The Role
Cloud billing data is inherently messy — multi-cloud, multi-structure, with billing models that don’t normalize cleanly and usage signals that don’t behave. You’ll own the data infrastructure that untangles this: the pipelines, models, and backend services that turn raw AWS, GCP, and Azure billing exports into reliable product capabilities. This is a production ownership role — architecture, code, monitoring, and stability all land on you.
About the Product
The platform ingests and processes large-scale cloud billing, usage, and operational data across AWS, Azure, and GCP — and turns it into cost visibility, recommendations, forecasting, and anomaly detection for enterprise customers. The core engineering challenge is scale and reliability: cloud billing structures are complex, volumes are high, and the data directly drives product decisions and customer spend outcomes. This is a product company, not a consulting engagement — the infrastructure you build runs in production and affects real customers.
Technology Stack: The platform works with cloud billing and usage data from AWS, Azure, and GCP — processed through Python and SQL, orchestrated with Airflow, and running across modern data platforms including Spark, ClickHouse, BigQuery, Databricks, and Snowflake. The stack was chosen for scale and cost-awareness: the same discipline applied to customer cloud spend applies internally. AWS is the primary cloud environment.
What You’ll Be Doing
- Design and maintain production ETL/ELT pipelines that ingest, normalize, and model cloud billing and usage data at scale across multiple cloud providers.
- Own the performance, reliability, and cost-efficiency of the data platform — query optimization, storage architecture, processing costs, and production stability.
- Build backend data services in Python and SQL that power product capabilities: cost recommendations, usage forecasting, anomaly detection, and customer-facing insights.
- Work with cloud billing source data including AWS CUR, Azure Cost Management exports, and GCP billing exports — including complex structures like marketplace billing and partner models.
- Architect and improve orchestration flows using Airflow or equivalent, across platforms such as Spark, Databricks, Snowflake, BigQuery, or ClickHouse.
- Own data quality, monitoring, and observability — not just the pipeline, but what comes out of it.
- Review architecture and code, mentor other engineers, and drive engineering standards within the data domain.
- Use AI/LLM tools (Cursor, GitHub Copilot, Claude, ChatGPT, or equivalent) as a daily development accelerator — for coding, debugging, testing, documentation, and technical research — while maintaining full engineering ownership of the output.
What We Expect
Must-have
- 7+ years in data engineering, data platform engineering, or backend engineering with heavy data focus.
- Production-grade Python and SQL — not notebooks, not scripts. Code that runs reliably in production at scale.
- Strong experience building and maintaining ETL/ELT pipelines with real ownership: design, deployment, monitoring, and incident response.
- Experience with large-scale data processing using Spark or equivalent frameworks.

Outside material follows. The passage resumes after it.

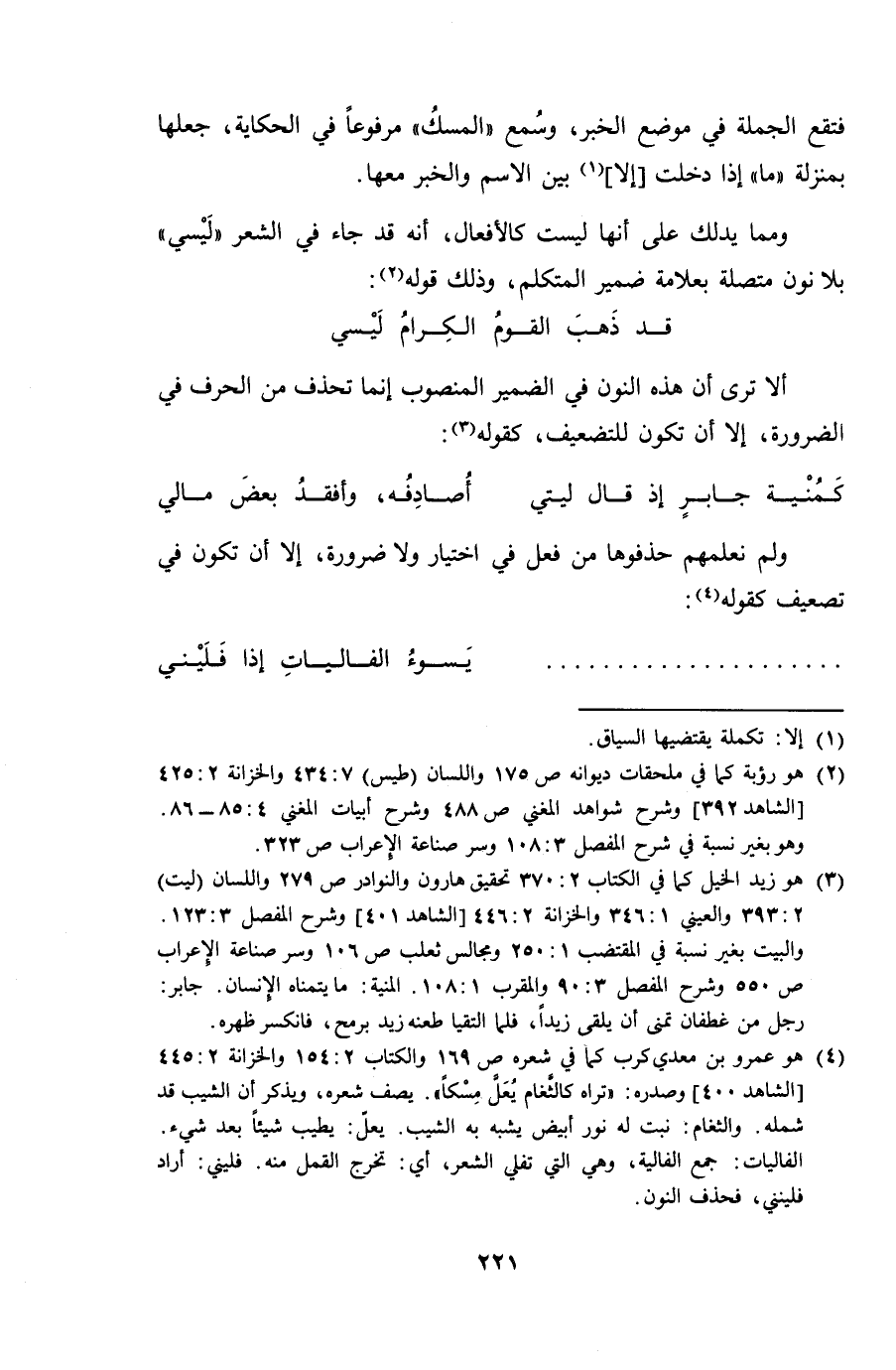 ومما يدلك على أنها ليست كالأفعال، أنه قد جاء في الشعر "ليسي" بلا نون متصلة بعلامة ضمير المتكلم، وذلك قوله:

- Workflow orchestration with Apache Airflow or similar.
- Cloud experience, primarily AWS. GCP and/or Azure are a strong advantage.

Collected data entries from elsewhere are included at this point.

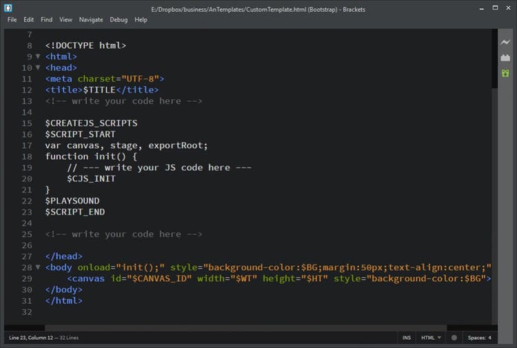 With the default template exported, you will now be able to open it up in Adobe Dreamweaver, Brackets, or any text editor of your choosing to customize the HTML, JavaScript, and CSS contained within. Perhaps you want to center your HTML5 Canvas content or add other elements like headers and descriptive text. This is all possible using Templates.
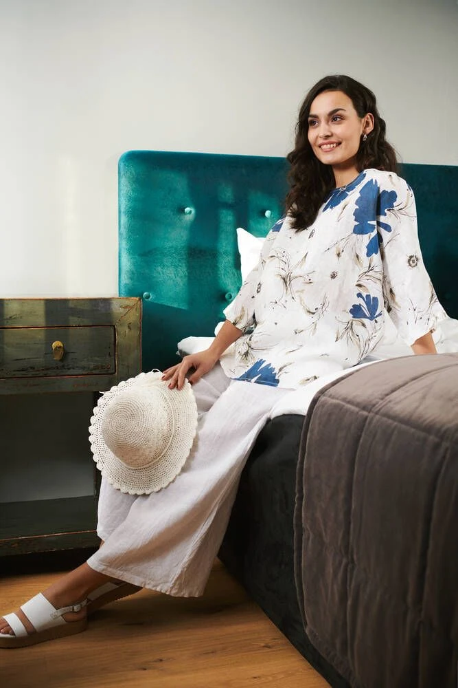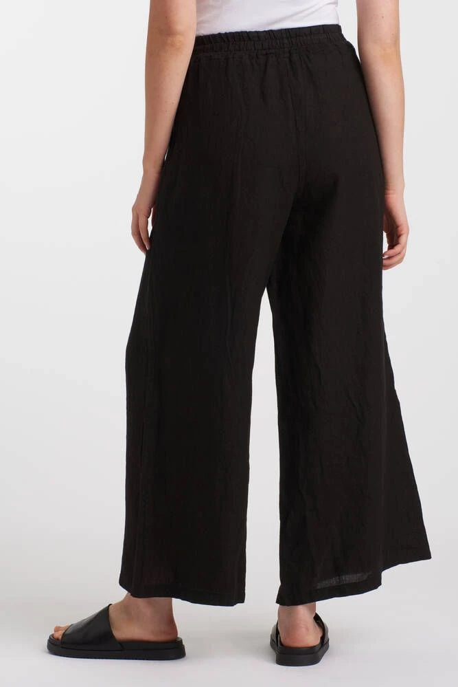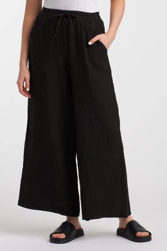 Naisten yksiväriset pellavahousut upeilla, erittäin leveillä lahkeilla sekä miellyttävällä kuminauhavyötäröllä. Korkeavyötäröisten housujen etupuolella on tilavat avotaskut.
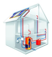 Kolektory s³oneczne to urz±dzenia s³u¿±ce do przetwarzania promieniowania s³onecznego w energiê ciepln±. Umieszczone na dachu kolektory s³oneczne skupiaj± promienie s³oneczne. Pozyskana w ten sposób energia przekazywana jest przewodz±cej ciep³o cieczy. Ciecz odprowadzana jest do zasobnika s³u¿±cego do ogrzewania wody u¿ytkowej.
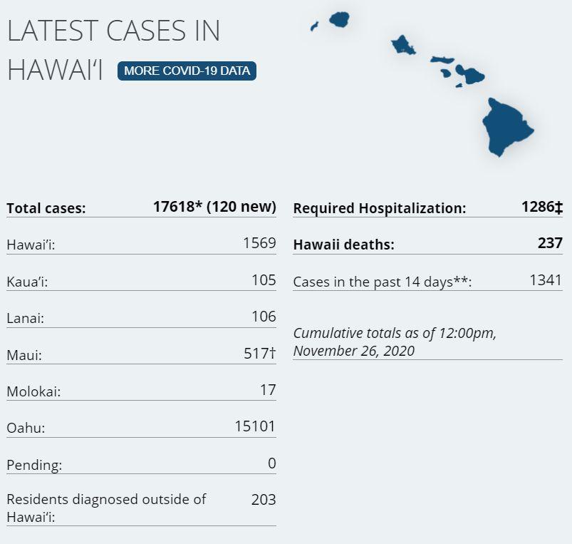 120* New Cases of COVID-19 in the state, Nov 26th (Thanksgiving)
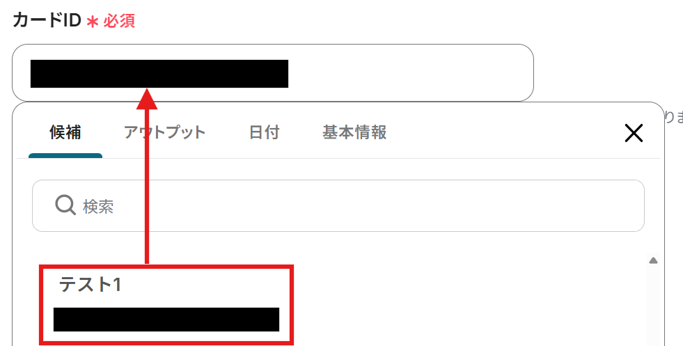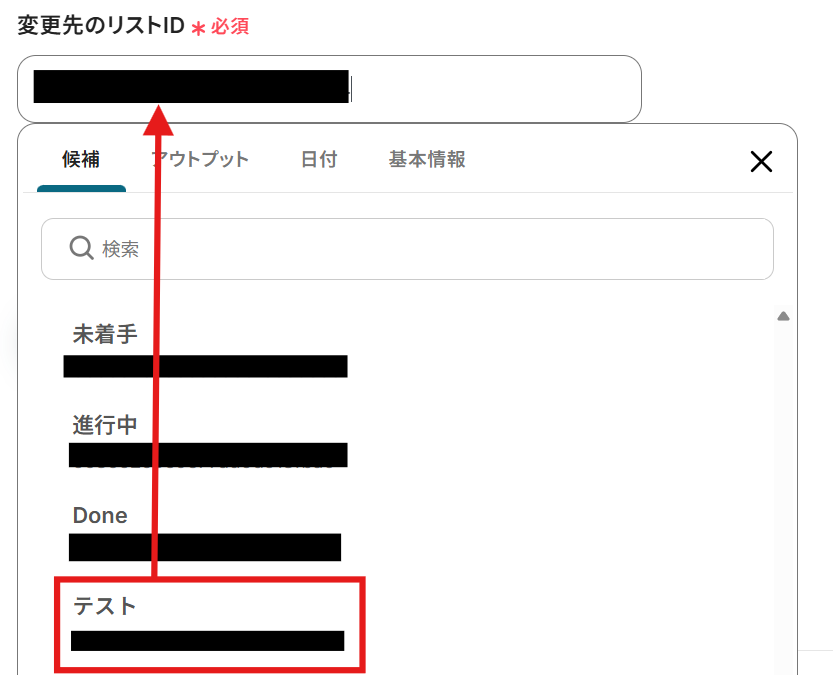 「変更先のリストID」は「カードID」を選択すると候補から選択ができます。

- Hands-on experience with at least one cloud data warehouse or query engine: Redshift, Athena, BigQuery, Snowflake, Databricks, ClickHouse, or equivalent.
- Strong understanding of data modeling, data quality, and production monitoring.

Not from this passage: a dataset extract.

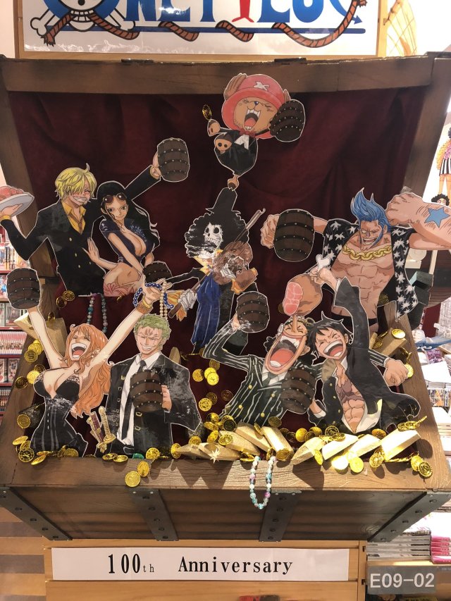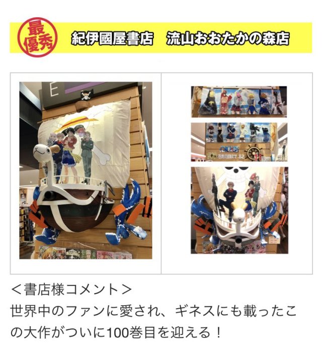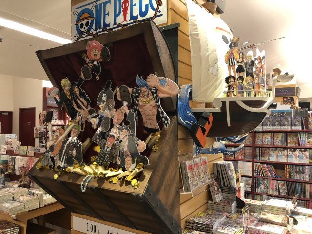 而近日最熱門的話題之一,無非就是國民漫畫《ONE PIECE》單行本滿100冊的紀念活動,除了配合觀光產業所設立的貨櫃藝術裝置外,對於漫畫店、書店方面同樣也是因應熱潮來打造主題佈置。
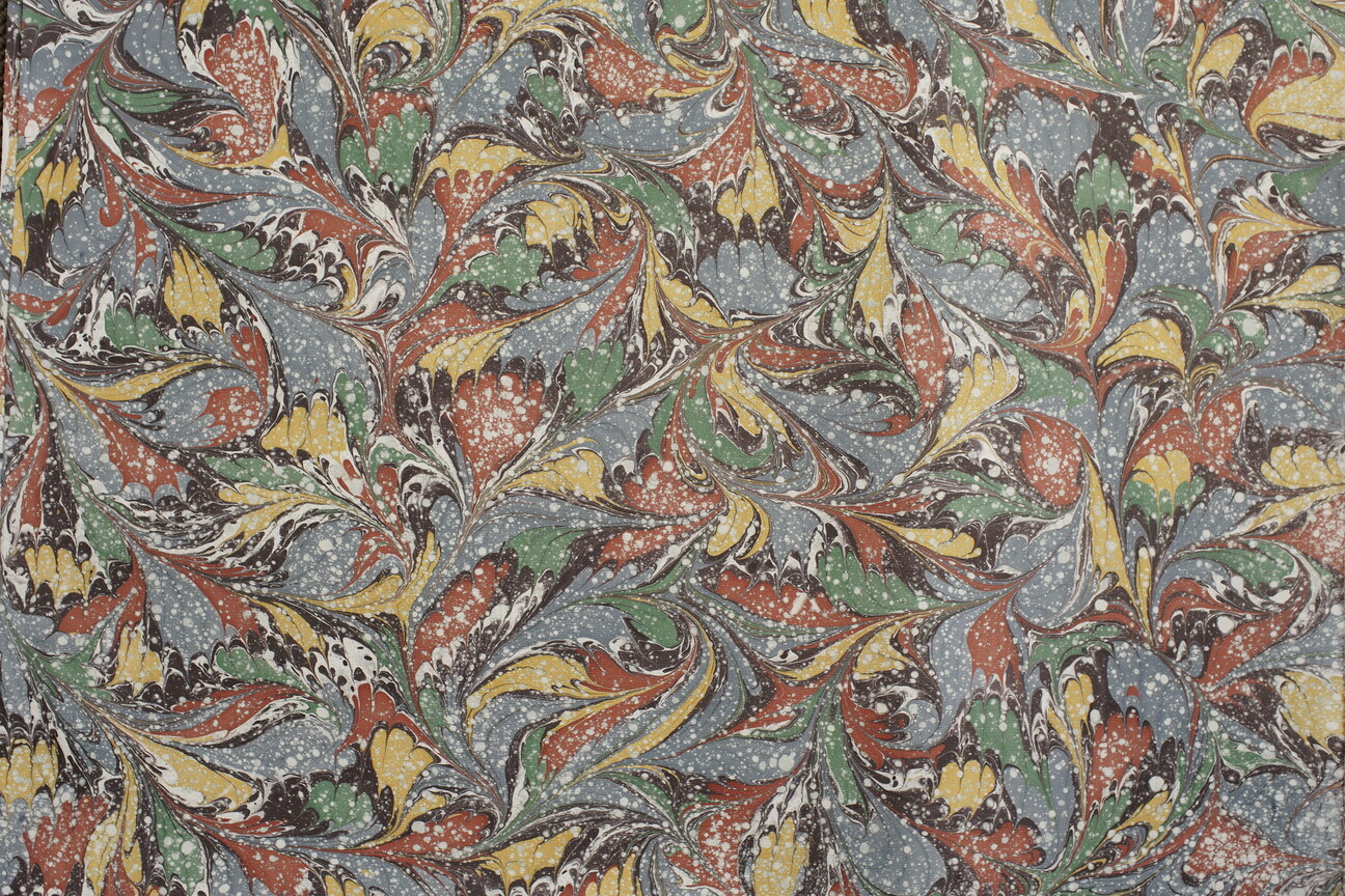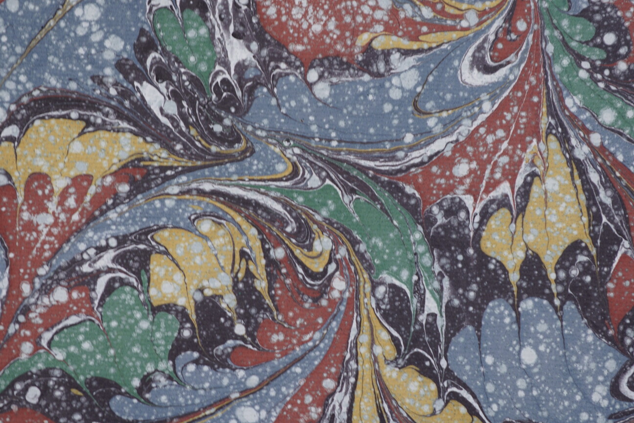 Papier marbré à la main motif feuillage aux 4 coloris d’automne mochetés gris sur fond noir d’après un modèle de Baris

- Demonstrated experience optimizing query performance, storage usage, or infrastructure costs.
- Ability to lead technical discussions, own domains end to end, and mentor other engineers.
- Hands-on experience using AI/LLM tools as part of the software development workflow — and the engineering judgment to validate what they produce.
Nice to have
- Experience with cloud billing data specifically: AWS CUR, Azure Cost Management, GCP billing exports, marketplace billing, or partner billing models.
- Background in FinOps, cloud cost optimization, or usage-based billing data.
- Experience building data products: recommendations, forecasting flows, dashboards, or anomaly-detection pipelines.
- Experience leading a small team or acting as a technical owner for a data domain.
- AWS services experience: S3, Glue, Lambda, Athena, Redshift, EMR, ECS, EKS.
- Track record in a startup or product-company environment.
Why This Role Is Worth Your Time
- The domain has real technical depth. Cloud billing data is genuinely complex — multi-source, inconsistently structured, high-volume, and directly tied to business outcomes. This isn’t CRUD pipelines over clean data.
- You’ll own infrastructure that shapes the product. The data platform isn’t a support function — it’s the core layer that makes cost recommendations, forecasting, and anomaly detection possible. What you build determines what the product can do.
- AI tooling is a first-class expectation, not a novelty. The team uses AI tools as daily productivity multipliers. You won’t be explaining why you use Cursor or Claude — you’ll be expected to.
- End-to-end ownership. From design to production behavior, you’re accountable. The role suits engineers who want to see their decisions run in the real world, not hand off to someone else.